→ Task item
Leaving out the pictures, reproduce each record exactly and in full.
Start of Given records
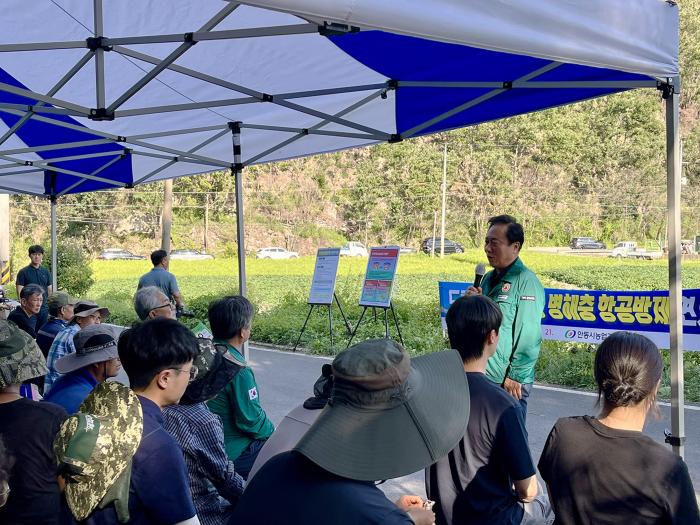 안동시는 8월 21일(목) 남선면 구미리 콩 재배포장에서 ‘콩 병해충 항공방제 연시회’를 개최했다.
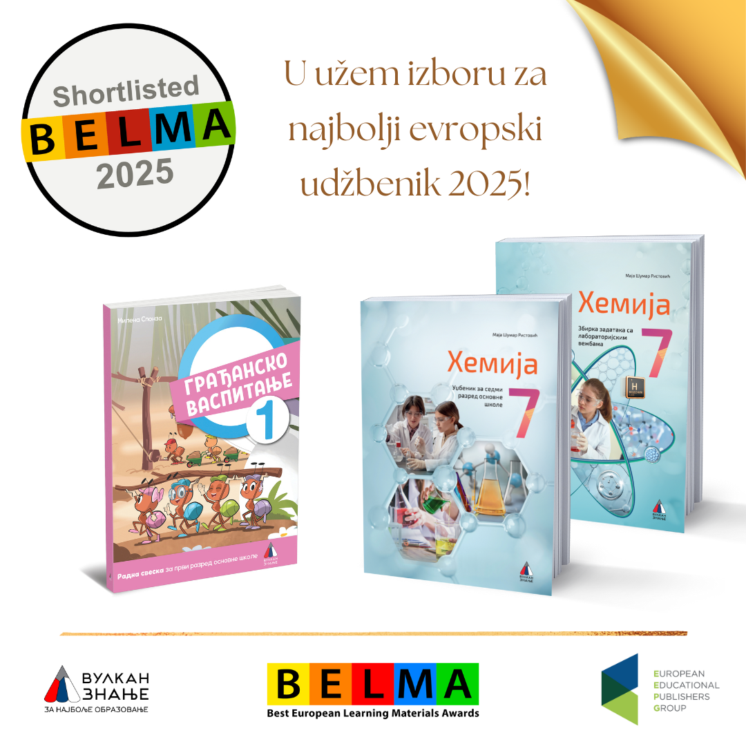 Наши уџбеници „Грађанско васпитање“ за 1. разред и „Хемија“ за 7. разред ушли су у ужи избор за престижну награду Најбољи европски уџбеник 2025 (BELMA)!
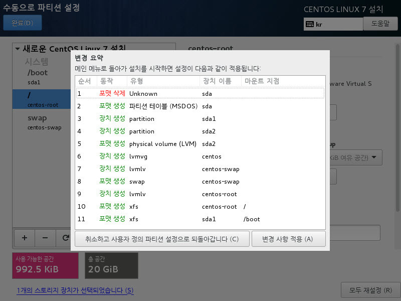 그러므로 swap 공간을 2G로 설정하고 그 외 /boot 500M 와 나머지 용량은 /(root)로 지정하였다.
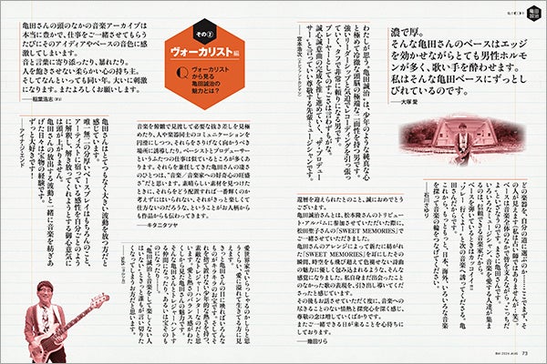 そのほかKing Gnuのベーシストである新井和輝との対談や、親交のあるミュージシャンが語る“亀田誠治の魅力”など、さまざまなコンテンツで構成。圧倒的な熱量で亀田誠治を深堀りしています。
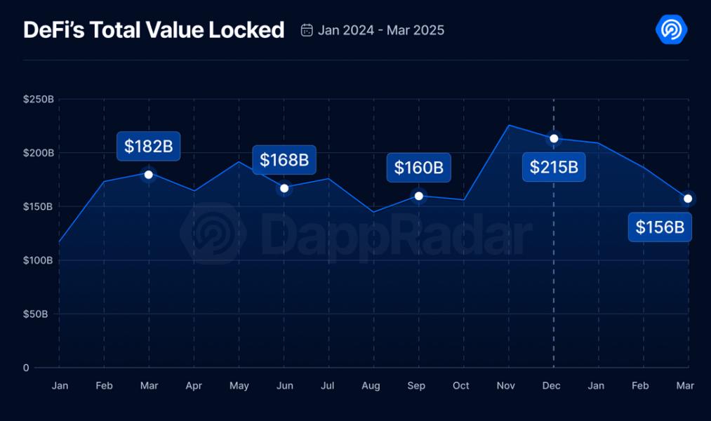 Economic uncertainty and a major crypto exchange hack pushed down the total value locked in decentralized finance (DeFi) protocols to $156 billion in the first quarter of 2025, but AI and social apps gained ground with an increase in network users, according to a crypto analytics firm.
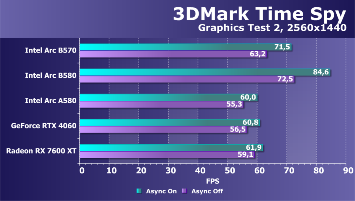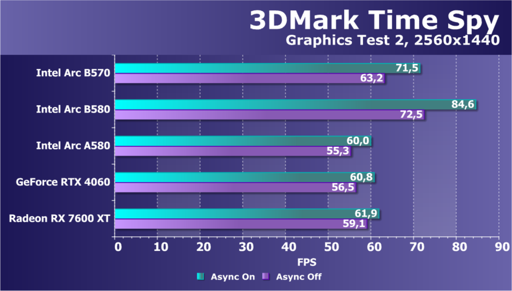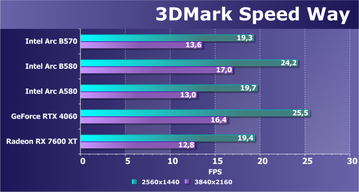 Разумеется, Arc B570 — это ускоритель для разрешения 1080p (Full HD), в котором можно получить хороший комфорт в играх при высоких настройках графики (но без использования трассировки лучей!). В ряде игр можно получить неплохую играбельность и в разрешении 1440p (2.5K).
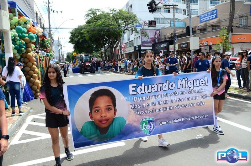 Durante o desfile, houve ainda uma homenagem ao menino Eduardo Miguel, de 10 anos, que faleceu vítima de afogamento no Bosque da Matinha e fazia parte do programa Revelar, emocionando o público presente.
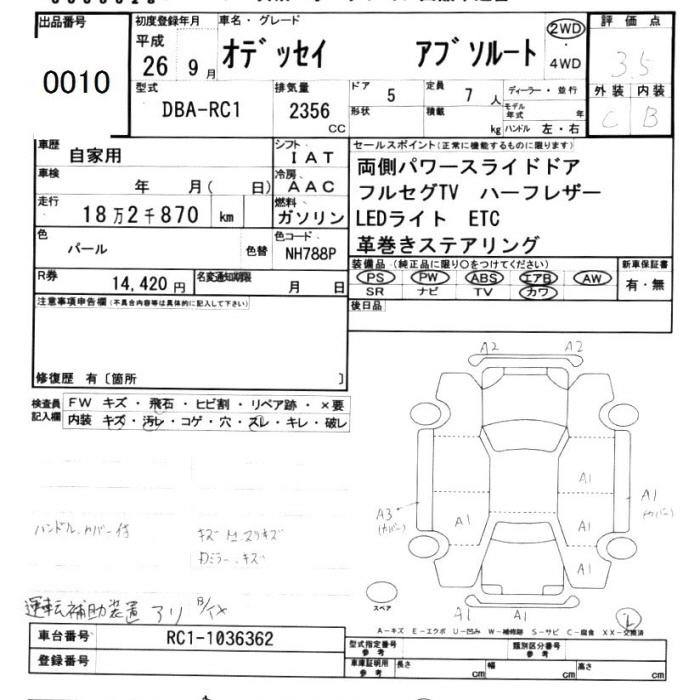 HONDA ODYSSEY 2014 г., лот № 10
End of Given records
→ The completed task
 안동시는 8월 21일(목) 남선면 구미리 콩 재배포장에서 ‘콩 병해충 항공방제 연시회’를 개최했다.
 Наши уџбеници „Грађанско васпитање“ за 1. разред и „Хемија“ за 7. разред ушли су у ужи избор за престижну награду Најбољи европски уџбеник 2025 (BELMA)!
 그러므로 swap 공간을 2G로 설정하고 그 외 /boot 500M 와 나머지 용량은 /(root)로 지정하였다.
 そのほかKing Gnuのベーシストである新井和輝との対談や、親交のあるミュージシャンが語る“亀田誠治の魅力”など、さまざまなコンテンツで構成。圧倒的な熱量で亀田誠治を深堀りしています。
 Economic uncertainty and a major crypto exchange hack pushed down the total value locked in decentralized finance (DeFi) protocols to $156 billion in the first quarter of 2025, but AI and social apps gained ground with an increase in network users, according to a crypto analytics firm.
 Разумеется, Arc B570 — это ускоритель для разрешения 1080p (Full HD), в котором можно получить хороший комфорт в играх при высоких настройках графики (но без использования трассировки лучей!). В ряде игр можно получить неплохую играбельность и в разрешении 1440p (2.5K).
 Durante o desfile, houve ainda uma homenagem ao menino Eduardo Miguel, de 10 anos, que faleceu vítima de afogamento no Bosque da Matinha e fazia parte do programa Revelar, emocionando o público presente.
 HONDA ODYSSEY 2014 г., лот № 10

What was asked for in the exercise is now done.